I say us modestly, of course. I realise that explanations are rarely simple in neurology and leave interpretations to the experts - you.

Indeed, there are ultimately no easy answers to treating MS on both the clinical and funding fronts. Finding a financially sustainable and cost effective way of reducing the incidence and impact of MS is not going to be easy.

Funding is clearly a pressing issue, but, as I am sure you are aware, calls for extra funding for MS research and treatments must compete against many other pressing demands on our tax dollars.

Any request for funding must be watertight. It must be possible to prove a new drug or service has unambiguous clinical benefits and is more cost effective than other health spending priorities.

In light of the continuing uncertainties about the downstream effectiveness of beta-interferon, I do not envisage any change in the basic approach to funding at this time.

When I instructed Pharmac in December 1999 to provide funding for beta-interferon, it was agreed a review should take place one year after treatment began.

Initially, in December, 1999, it was believed that 130 patients would benefit particularly from receiving the drug, which costs about $18,000 a year per patient. But by the time funding began in June last year, 180 patients met the clinical eligibility criteria developed in consultation with New Zealand neurologists.

Pharmac established an independent committee of neurologists, the MS Treatment Assessment Committee, to use the criteria to determine which patients were eligible.

Pharmac is talking to you later today, but my understanding is that the MS Treatment Assessment Committee is required to report annually to Pharmac on its activities, and to put forward any recommendations it deems necessary in terms of Pharmac's policies on beta-interferon.

Those recommendations could cover a wide range, including amendments to the current access criteria, based either on new evidence or on their experience of the first year of the current treatment programme.

That first report is now due. If the committee puts forward any recommendation to widen access to beta-interferon, Pharmac's role will be to assess and prioritise any amendments to the criteria.

It will have to do so, however, within the context of all other funding proposals it has to consider, and within the overall budget it has available to it. There will need to be a fundamental shift in the balance of clinical evidence before there can be any increase in the current funding programme.

I know our initial funding for beta-interferon gladdened many sufferers who had been unable to fund the drug themselves, but I am also aware we have been unable to provide funding to the level that many in the MS sector would like. The Government has helped New Zealanders living with MS in other ways, however.

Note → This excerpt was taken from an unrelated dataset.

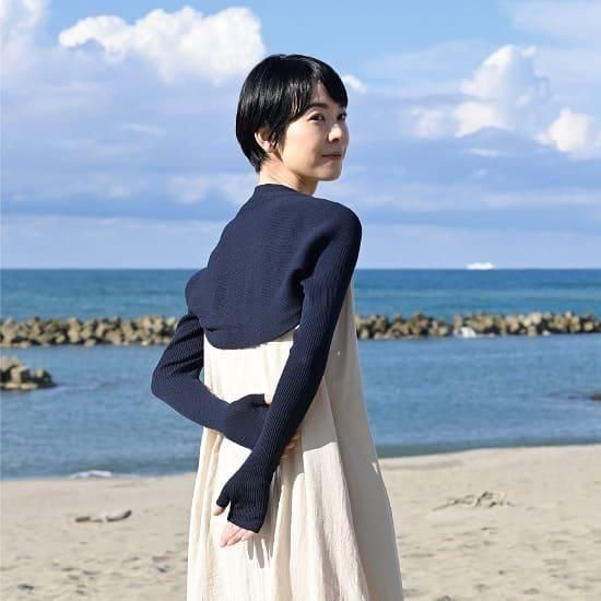 陽ざしが気になる季節には、羽織るだけで首から肩、袖や手の甲まで覆うボレロが便利です。日焼け止めに効果的な作りで、UVカット率は「99%」。
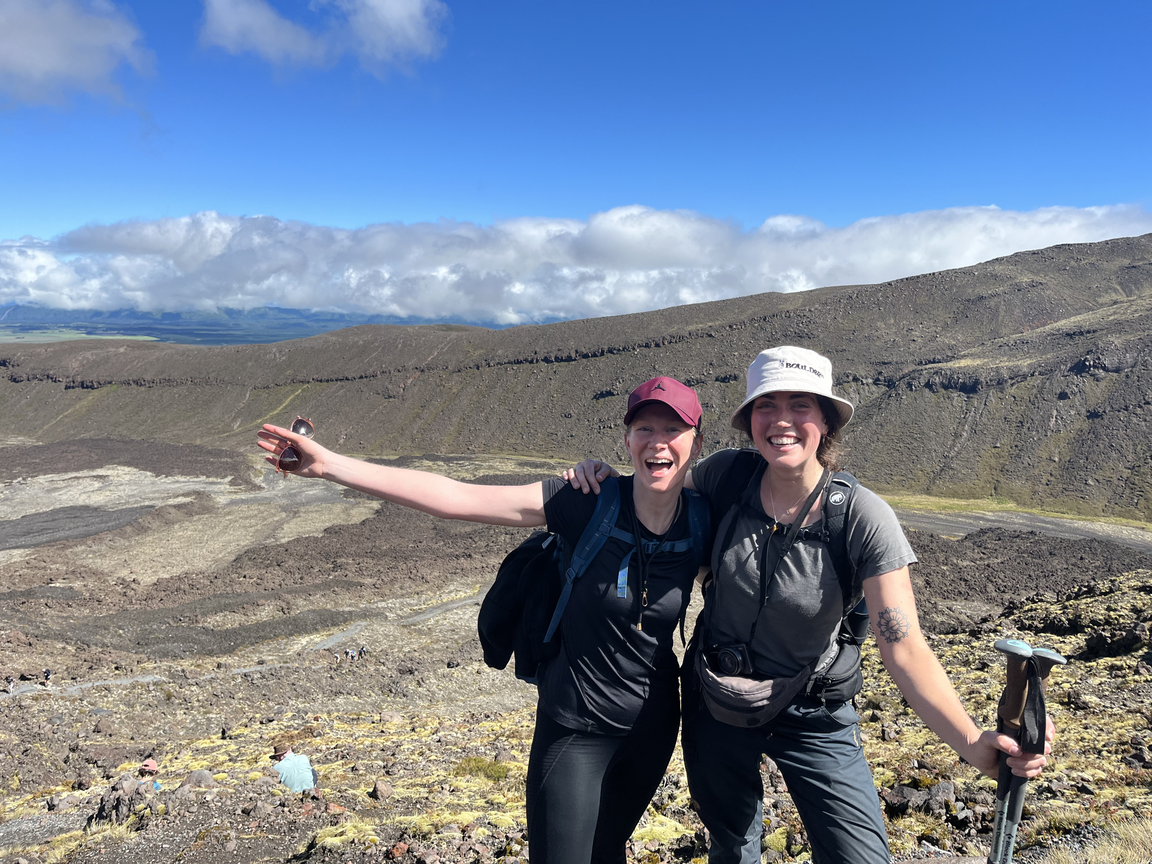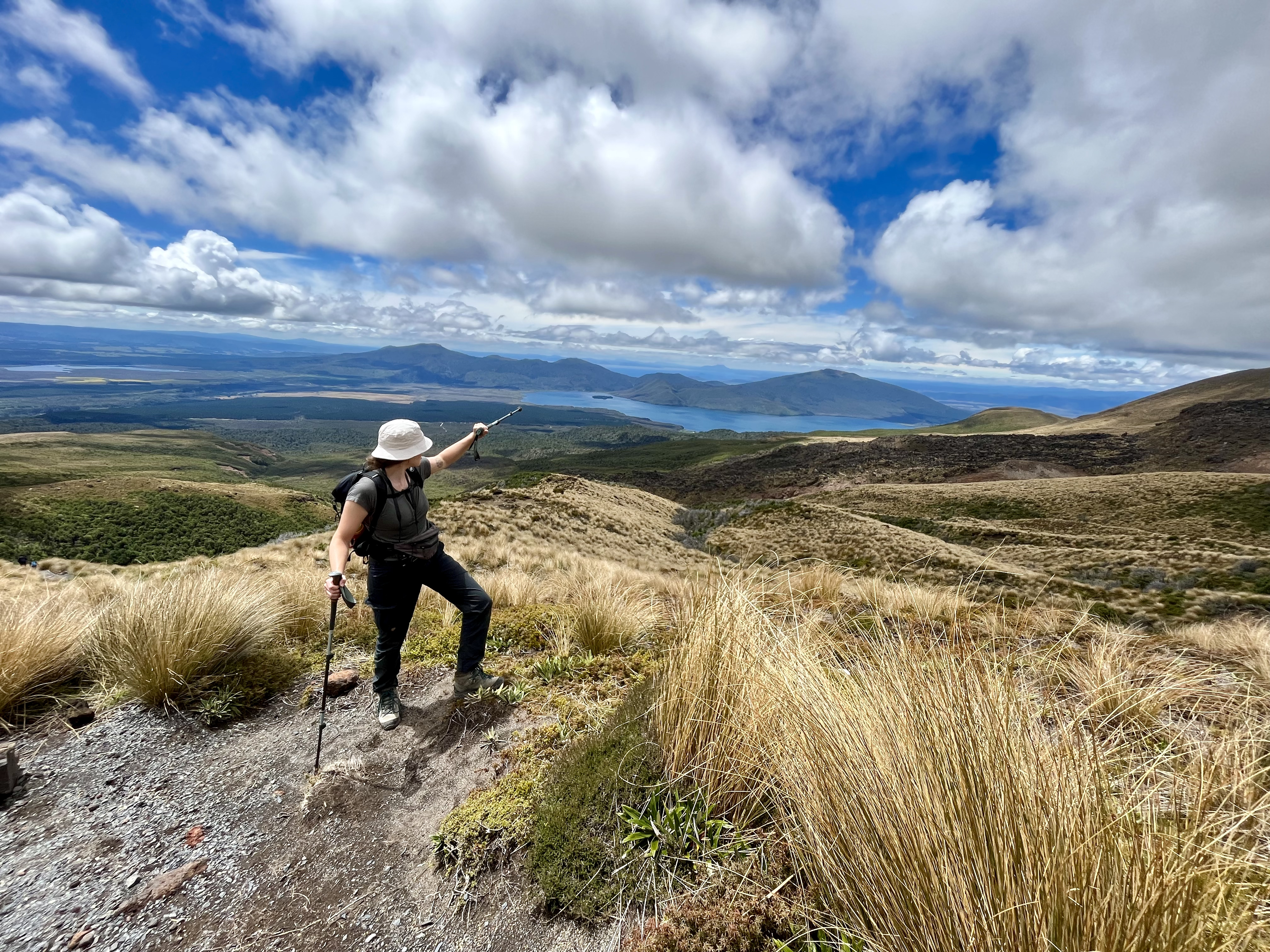 While Lisa was brought to the start of the hike with a (in my opinion very expensive) shuttle service, Jelle was my (free <3) chauffeur that day. He dropped me of at the start. Such a sweetheart. Lisa is doing a big trip by herself through New Zealand and Australia, and some parts she booked a tour. Now she was with a group of 7 other people doing this trek. We did talk with the others quite a bit, but most of the time we were walking in our own space, and we had a lot of catching up to do. You see in the Netherlands we barely see each other (mostly only a few times a year), so it was extra special to do such a beautiful hike together. While the hike is considered hard, and even a part is called the devils climb, in my opinion it was a very doable hike. (Although that might have been because I was used to my heavy backpack of the 4-day hike, and now only carrying a daypack). The views were incredible, and the weather was amazing. I cannot describe in words how magical the landscape was, and how much it changed through the hike (volcanic, grasslands, forest). It was very special.

The best example of this is the New Zealand Disability Strategy. Our vision is to provide the means to empower people with disabilities to overcome the barriers to their full participation in society, whatever their age or condition.

These are not empty words. In the foreseeable future there will continue to be many New Zealanders with MS who have to deal with the reality of living as a disabled person. They will be living in a society that continues to place barriers in the way of disabled people realising their full potential.

I congratulate you on your initiative in organising today's event, and I welcome further debate it has initiated about the role of early treatment of MS by disease modifying therapies.

The Government wants to support the prevention and treatment of MS, but must deal each day with the unavoidable and often gruelling reality of competing demands on the health dollar.

I wish you well for your remaining discussions and future work, and hope many of you can attend the Multiple Sclerosis International Federation Conference in Melbourne in October. This conference will also be an important event in raising the profile of MS.

I have appreciated speaking with you today, and I share your hope for a better future for all MS sufferers. Thank you for inviting me.